— Dataset section —
┄┄┄┄┄┄┄┄┄┄

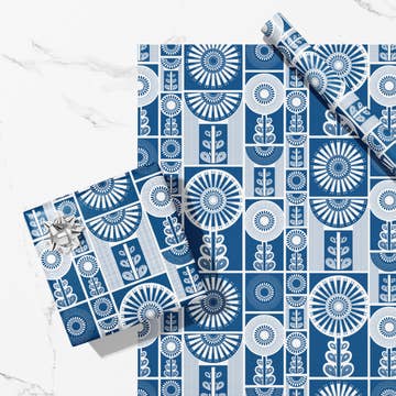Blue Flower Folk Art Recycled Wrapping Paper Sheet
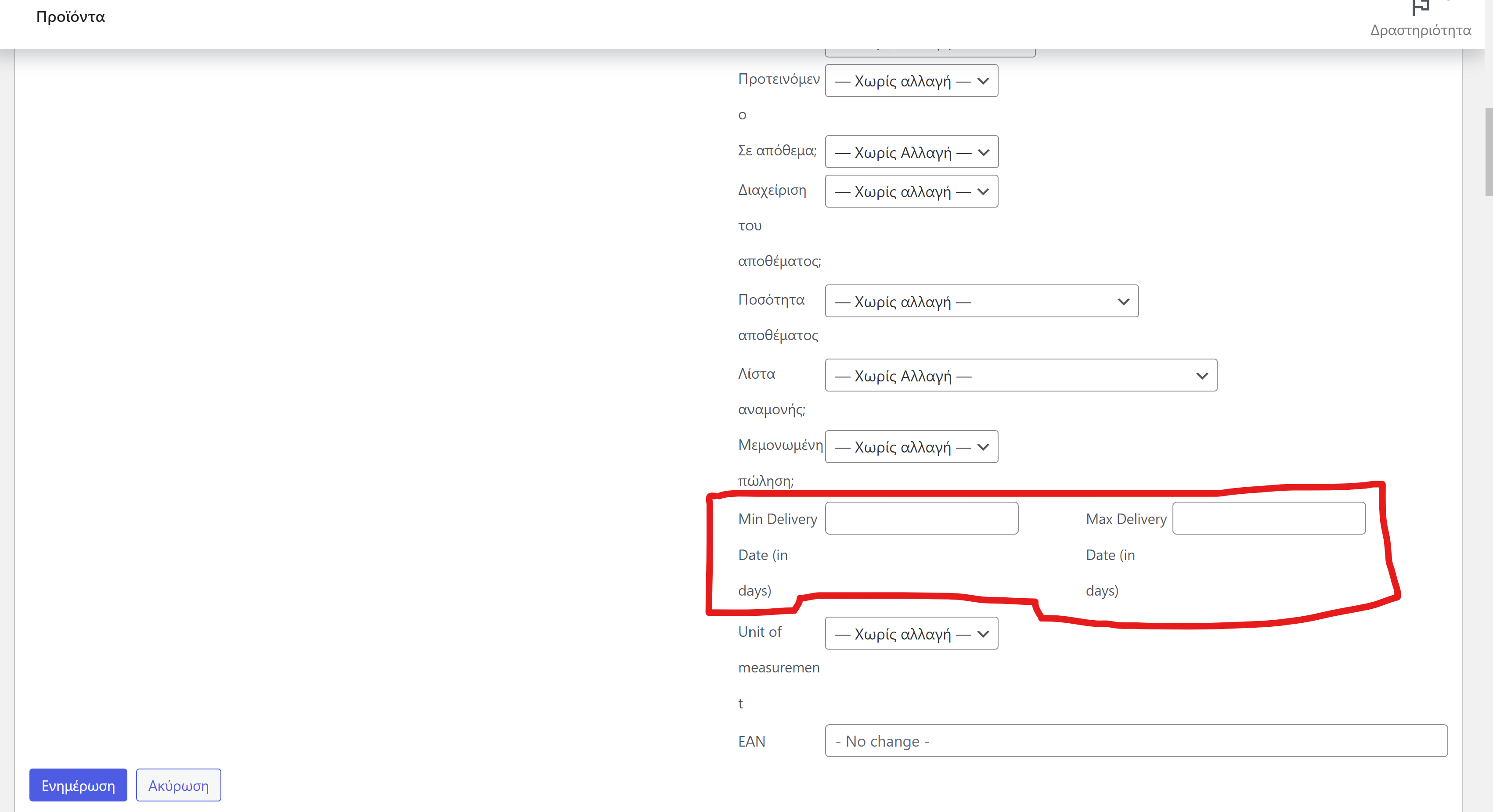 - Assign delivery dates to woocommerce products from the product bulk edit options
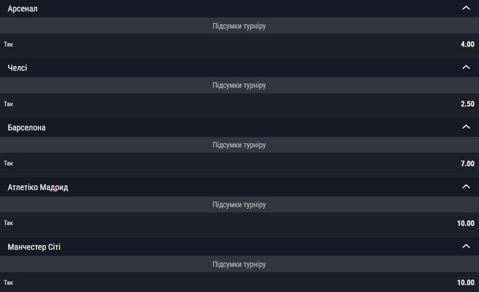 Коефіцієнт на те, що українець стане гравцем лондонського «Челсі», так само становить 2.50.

┄┄┄┄┄┄┄┄┄┄

— What you are asked to do —
Each line of the data is to be duplicated exactly; pictures stay out of the copy.

— Answer to this exercise —
Blue Flower Folk Art Recycled Wrapping Paper Sheet
 - Assign delivery dates to woocommerce products from the product bulk edit options
 Коефіцієнт на те, що українець стане гравцем лондонського «Челсі», так само становить 2.50.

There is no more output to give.